▶ _Work order_: Omit the images and return the remaining entries unchanged.

▶ _Data excerpts_:
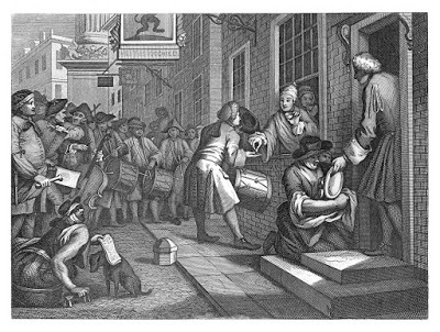 Notice the woman by the door receiving table scraps. A certain level of poverty there folks. When the leavings off someone’s plate is a treat. Lastly we will look at the twin pictures “Beer Street and Gin Lane.” These imaginary streets show the difference between the best side of the English lower classes – the idealized beer drinkers, and the kind of poverty caused by people trying to drown their sorrows in gin.
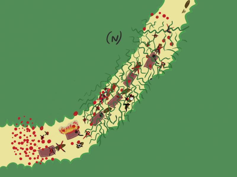 8 Luglio 201015 anni Autore comment_493155 @ Niphlo Spoiler: Ormai sei l'unico a vedere chiaramente cosa succede: i membri della carovana sono intrappolati dai rampicanti, fuggiti o morti. Il carro in fiamme genera una nuvola di fumo nero, ma non ci vorrà molto perché si spenga. Gli orchi stanno caricandosi addosso il possibile e già alcuni, trascinando il cavallo, si infilano tra le piante dall'altra parte della strada, urlando e richiamando gli altri; pochi si sforzano di liberare i "compagni" intrappolati. Segnala
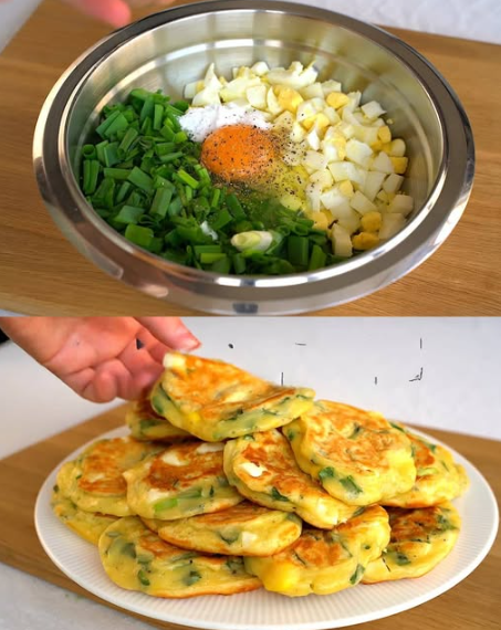 Fold in the chopped boiled eggs, green onion leaves, and any additional herbs or spices you’re using. - Heat your skillet:
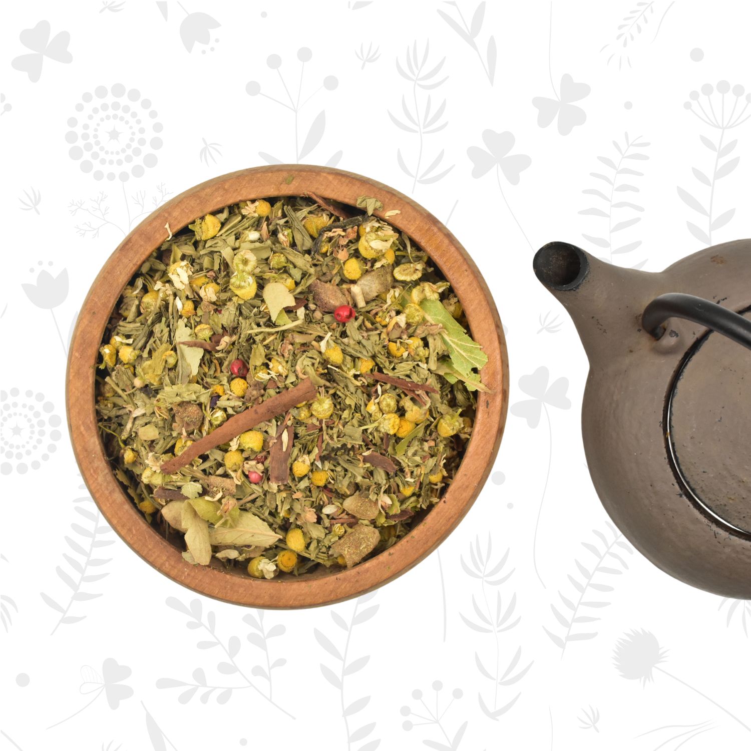 Συστατικά: Πράσινο τσάι ντεκαφεϊνέ, βότανα τούλσι, τίλιο, χαμομήλι, πιπερόριζα, ανανάς, πιπέρι, κανέλα κεϋλάνης, άνθη Κενταύριου Λουκιανού, άρωμα
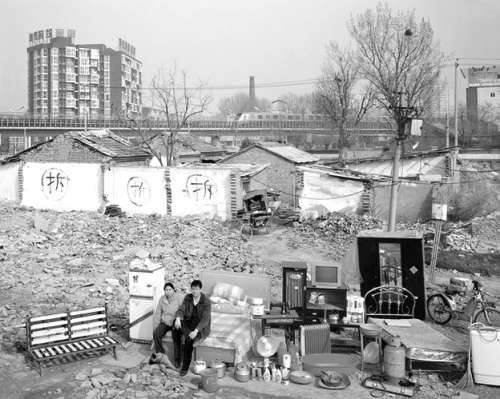 和很多中国家庭一样,这对夫妇的家被列入拆迁范围。照片上,他们坐在自己的床上,身后的墙壁上写着汉字“拆”。不过,对于这对夫妇来说,这是一件好事,因为政府支付了足够的赔偿。
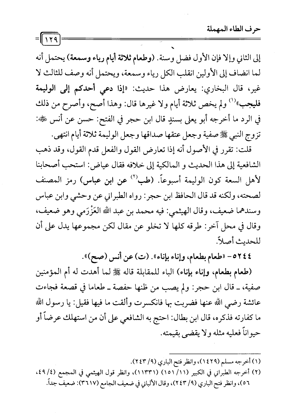 إلى الثاني وإلا فإن الأول فضل وسنة. (وطعام ثلاثة أيام رياء وسمعة) يحتمل أنه لما انضاف إلى الأولين انقلب الكل رياء وسمعة، ويحتمل أنه وصف للثالث لا غير، قال البخاري: يعارض هذا حديث: "إذا دعي أحدكم إلى الوليمة فليجب" (¬1) ولم يخص ثلاثة أيام ولا غيرها قال: وهذا أصح، وأصرح من ذلك في الرد ما أخرجه أبو يعلى بسندٍ قال ابن حجر في الفتح: حسن عن أنس - رضي الله عنه -: تزوج النبي - صلى الله عليه وسلم - صفية وجعل عتقها صداقها وجعل الوليمة ثلاثة أيام انتهى.
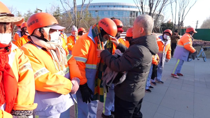 “感谢爱心人士为我们捐赠的围脖,也挺暖和的,我们的心也暖暖的,谢谢他们。”东营市东营区环卫工人生墨凤说。
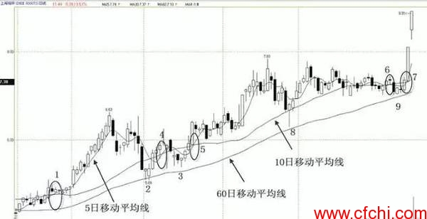 箭头8处对60日均线的考验以锤子线结束。通过将移动平均线与蜡烛图相结合,大大加强了判断的可靠性。
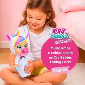 As novas Cry Babies Loving Care sao bebes adoraveis! Permite que as criancas cuidem como se fosse um bebe de verdade. Loving Care Dreamy possui 26cm de tamanho e acompanha novos acessorios como fraldinha, mamadeira e chupeta. Nao possui funcao eletrica e nao necessita de pilhas, chora quando pressiona a sua cabeca!
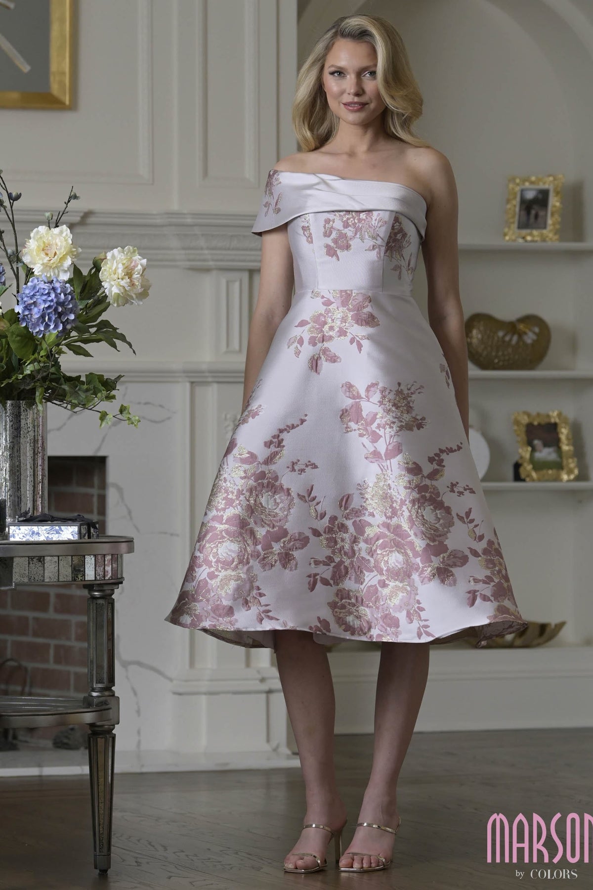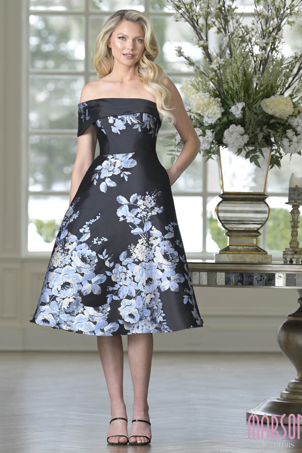 Step into an evening of elegance with the Marsoni MV1415 dress, a stunning fusion of satin and lace that embodies sophistication. The off-shoulder neckline elegantly frames the décolletage, while the exquisite floral embroidery dances across the fabric, celebrating femininity in every stitch. Designed for the discerning mother of the bride or cocktail soirée, the tea-length A-line silhouette exudes grace and poise. With a convenient zipper back and sleeveless design, this dress promises effortless allure. Elevate your formal wardrobe with this masterpiece that captures the essence of timeless glamour and refined style.
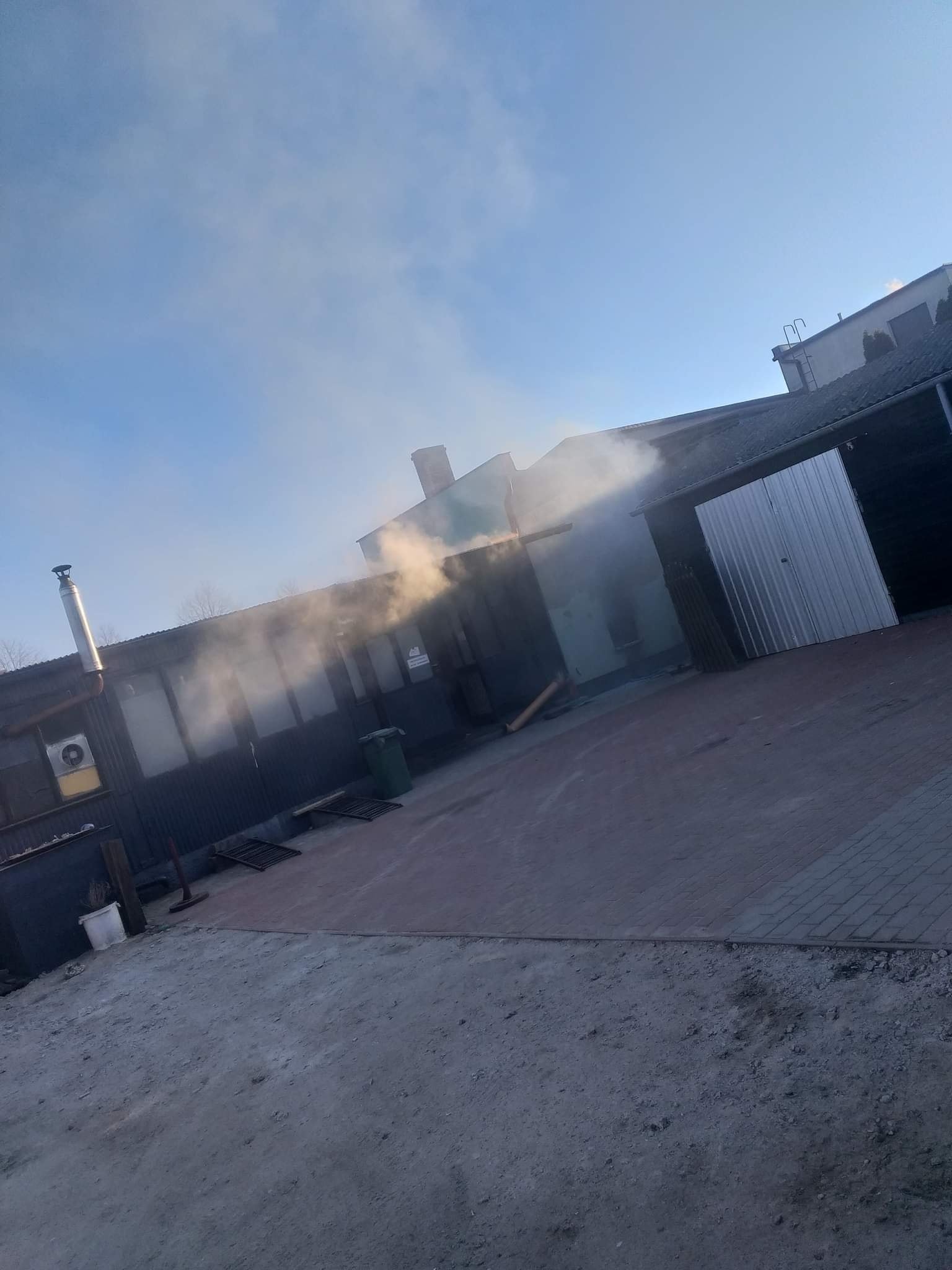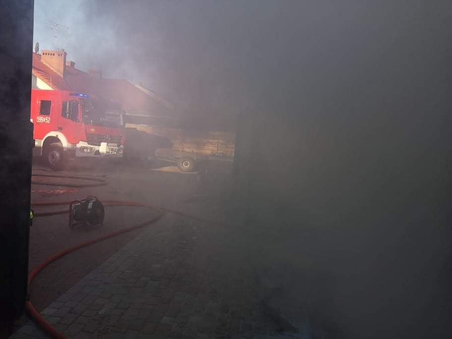 Po dojeździe na miejsce zdarzenia strażacy zastali silne zadymienie w pomieszczeniu kotłowni budynku gospodarczego. W wyniku przeprowadzonego rozpoznania ustalono, że doszło do pożaru trocin oraz drewna.
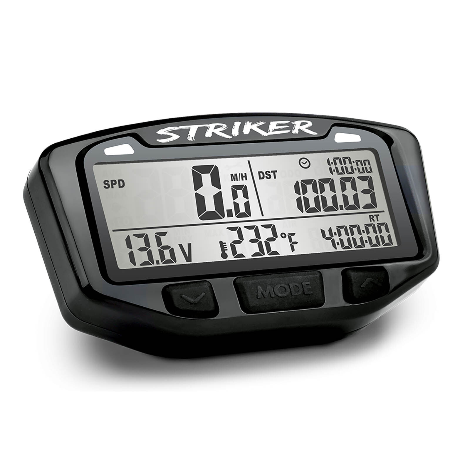 At only 4.2 x 2.3 inches Striker can replace a dashboard’s entireinstrument panel. Striker displays speed voltage trip distance clock andboth ambient and engine temperature. Striker also keeps track of theminimum and maximum voltage values (reset trip data to start fresh maxvalues.) Use the built-in stop watch for time trials. Two separatemaintenance timers OIL and WRENCH keep track in miles-since-last-reset.
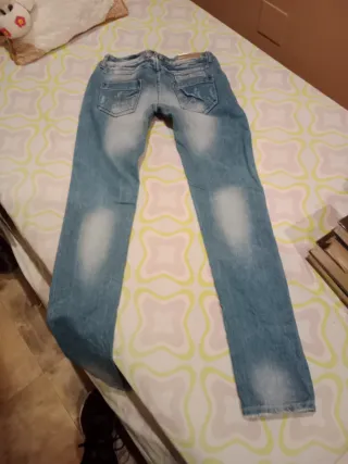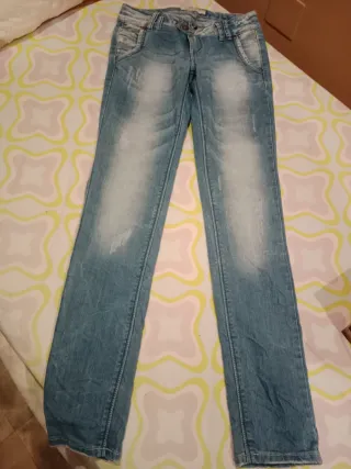 Tejanos vaqueros de corte ajustado para chica. Son cómodos y versátiles. - Diseño desgastado. - Bolsillos delanteros y traseros. - Cierre de cremallera y botón.
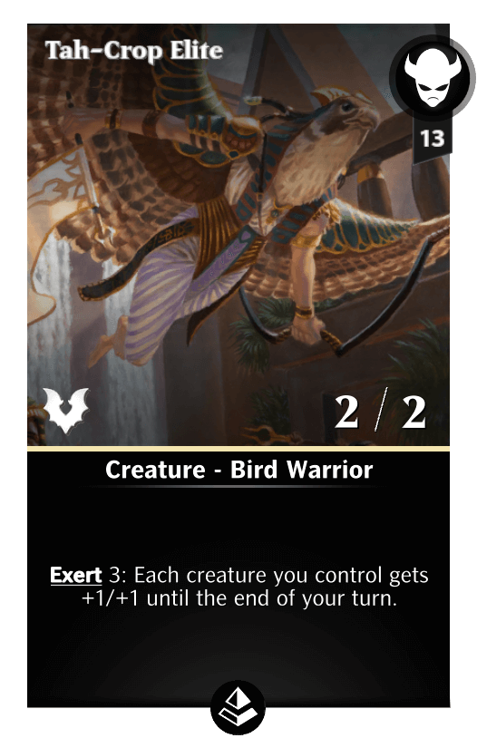 Exert 2: This creature gets +1/+2 until the end of your turn.
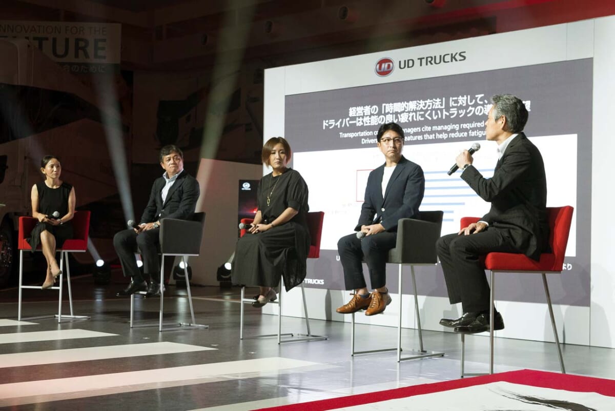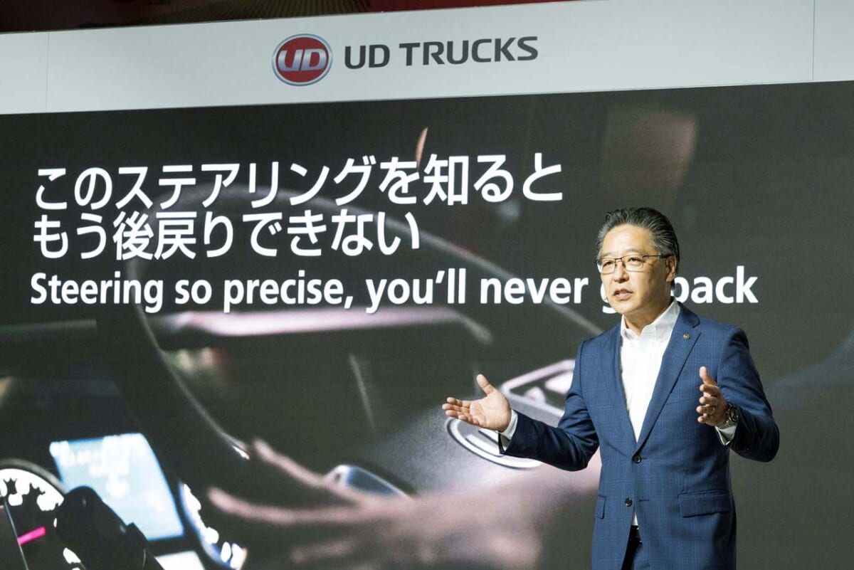 記者発表会に登壇したUDトラックス 代表取締役社長 酒巻孝光氏は、「ここ数年、ドライバーの有効求人倍率は全業種平均の約2倍と圧倒的に高く、その要因は少子高齢化、若者のクルマ離れ、給料、長時間労働や荷役作業のような体力的に過酷な労働環境など様々なことが考えられますが、UDトラックスができることはドライバーに常に寄り添ってその解決方法を常に考えること。我々は運ぶことをもっと楽に、そして豊かな気持ちで運んでもらえるよう、今後も技術力でサポートしていきたい」と語りました。

▶ _Answer to this task_:
 Notice the woman by the door receiving table scraps. A certain level of poverty there folks. When the leavings off someone’s plate is a treat. Lastly we will look at the twin pictures “Beer Street and Gin Lane.” These imaginary streets show the difference between the best side of the English lower classes – the idealized beer drinkers, and the kind of poverty caused by people trying to drown their sorrows in gin.
 8 Luglio 201015 anni Autore comment_493155 @ Niphlo Spoiler: Ormai sei l'unico a vedere chiaramente cosa succede: i membri della carovana sono intrappolati dai rampicanti, fuggiti o morti. Il carro in fiamme genera una nuvola di fumo nero, ma non ci vorrà molto perché si spenga. Gli orchi stanno caricandosi addosso il possibile e già alcuni, trascinando il cavallo, si infilano tra le piante dall'altra parte della strada, urlando e richiamando gli altri; pochi si sforzano di liberare i "compagni" intrappolati. Segnala
 Fold in the chopped boiled eggs, green onion leaves, and any additional herbs or spices you’re using. - Heat your skillet:
 Συστατικά: Πράσινο τσάι ντεκαφεϊνέ, βότανα τούλσι, τίλιο, χαμομήλι, πιπερόριζα, ανανάς, πιπέρι, κανέλα κεϋλάνης, άνθη Κενταύριου Λουκιανού, άρωμα
 和很多中国家庭一样,这对夫妇的家被列入拆迁范围。照片上,他们坐在自己的床上,身后的墙壁上写着汉字“拆”。不过,对于这对夫妇来说,这是一件好事,因为政府支付了足够的赔偿。
 إلى الثاني وإلا فإن الأول فضل وسنة. (وطعام ثلاثة أيام رياء وسمعة) يحتمل أنه لما انضاف إلى الأولين انقلب الكل رياء وسمعة، ويحتمل أنه وصف للثالث لا غير، قال البخاري: يعارض هذا حديث: "إذا دعي أحدكم إلى الوليمة فليجب" (¬1) ولم يخص ثلاثة أيام ولا غيرها قال: وهذا أصح، وأصرح من ذلك في الرد ما أخرجه أبو يعلى بسندٍ قال ابن حجر في الفتح: حسن عن أنس - رضي الله عنه -: تزوج النبي - صلى الله عليه وسلم - صفية وجعل عتقها صداقها وجعل الوليمة ثلاثة أيام انتهى.
 “感谢爱心人士为我们捐赠的围脖,也挺暖和的,我们的心也暖暖的,谢谢他们。”东营市东营区环卫工人生墨凤说。
 箭头8处对60日均线的考验以锤子线结束。通过将移动平均线与蜡烛图相结合,大大加强了判断的可靠性。
 As novas Cry Babies Loving Care sao bebes adoraveis! Permite que as criancas cuidem como se fosse um bebe de verdade. Loving Care Dreamy possui 26cm de tamanho e acompanha novos acessorios como fraldinha, mamadeira e chupeta. Nao possui funcao eletrica e nao necessita de pilhas, chora quando pressiona a sua cabeca!
 Step into an evening of elegance with the Marsoni MV1415 dress, a stunning fusion of satin and lace that embodies sophistication. The off-shoulder neckline elegantly frames the décolletage, while the exquisite floral embroidery dances across the fabric, celebrating femininity in every stitch. Designed for the discerning mother of the bride or cocktail soirée, the tea-length A-line silhouette exudes grace and poise. With a convenient zipper back and sleeveless design, this dress promises effortless allure. Elevate your formal wardrobe with this masterpiece that captures the essence of timeless glamour and refined style.
 Po dojeździe na miejsce zdarzenia strażacy zastali silne zadymienie w pomieszczeniu kotłowni budynku gospodarczego. W wyniku przeprowadzonego rozpoznania ustalono, że doszło do pożaru trocin oraz drewna.
 At only 4.2 x 2.3 inches Striker can replace a dashboard’s entireinstrument panel. Striker displays speed voltage trip distance clock andboth ambient and engine temperature. Striker also keeps track of theminimum and maximum voltage values (reset trip data to start fresh maxvalues.) Use the built-in stop watch for time trials. Two separatemaintenance timers OIL and WRENCH keep track in miles-since-last-reset.
 Tejanos vaqueros de corte ajustado para chica. Son cómodos y versátiles. - Diseño desgastado. - Bolsillos delanteros y traseros. - Cierre de cremallera y botón.
 Exert 2: This creature gets +1/+2 until the end of your turn.
 記者発表会に登壇したUDトラックス 代表取締役社長 酒巻孝光氏は、「ここ数年、ドライバーの有効求人倍率は全業種平均の約2倍と圧倒的に高く、その要因は少子高齢化、若者のクルマ離れ、給料、長時間労働や荷役作業のような体力的に過酷な労働環境など様々なことが考えられますが、UDトラックスができることはドライバーに常に寄り添ってその解決方法を常に考えること。我々は運ぶことをもっと楽に、そして豊かな気持ちで運んでもらえるよう、今後も技術力でサポートしていきたい」と語りました。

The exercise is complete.